The latest legislative action eases some limits on food trucks, which have grown rapidly in the past five years, and ends more than four years of acrimonious debate on where and how they can operate. What the guidelines do:

  • Impose a monthly lottery for food truck locations in the Central Business District
  • Require food trucks failing to get a spot in a lottery zone to only park 200 feet away instead of the previously proposed 500 feet
  • Reduce parking violations from $2,000 to $50
  • Cut the amount of unobstructed sidewalk required to vend from 10 feet to six feet

Earlier this month, the Council also approved food safety and labor standards for food trucks, often seen near areas such as Franklin Park and McPherson Square and the Metro Center Metrorail station in Downtown.

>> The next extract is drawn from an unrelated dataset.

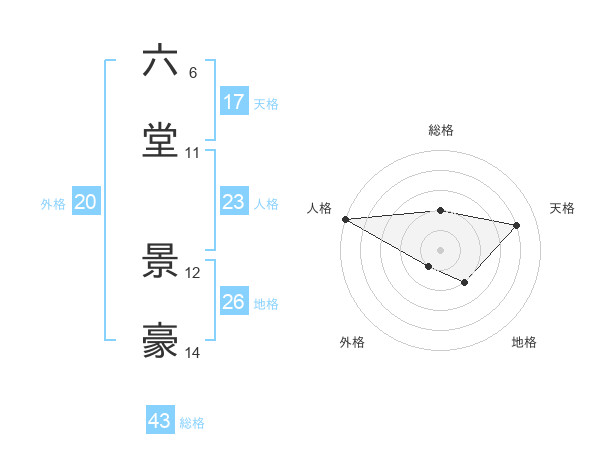 六堂 景豪さんを姓名の画数から五運を鑑定
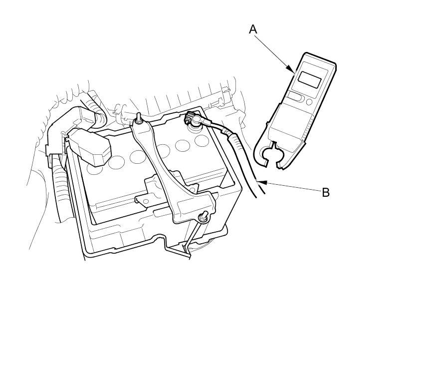 10. Attach the LH41 AC/DC low current clamp meter (A) to the battery ground cable (B). Follow the equipment manufacturer's instructions, then measure the parasitic draw.

Next: the Council must set an implementation date for the regulations.

In related news, six food trucks that traverse D.C. stood out on a national list of the best food trucks compiled by Daily Meals, the dining news and culinary trends website. They include:

  • Rito Loco (No. 78), specializing in burritos
  • DC Slices (No. 72), serving pizza
  • Red Hook Lobster Pound D.C. (No. 66)
  • Pepe (No. 45), offering Chef Jose Andres Spanish sandwiches
  • Basil Thyme (No. 32), specializing in lasagnas
  • Fojol Bros. (No. 3), operating three trucks that sell Indian, Ethiopian and Thai cuisine.

Daily Meal looked at 450 food trucks. Overall, D.C.’s food trucks ranked fourth out of 40 U.S. cities on the list.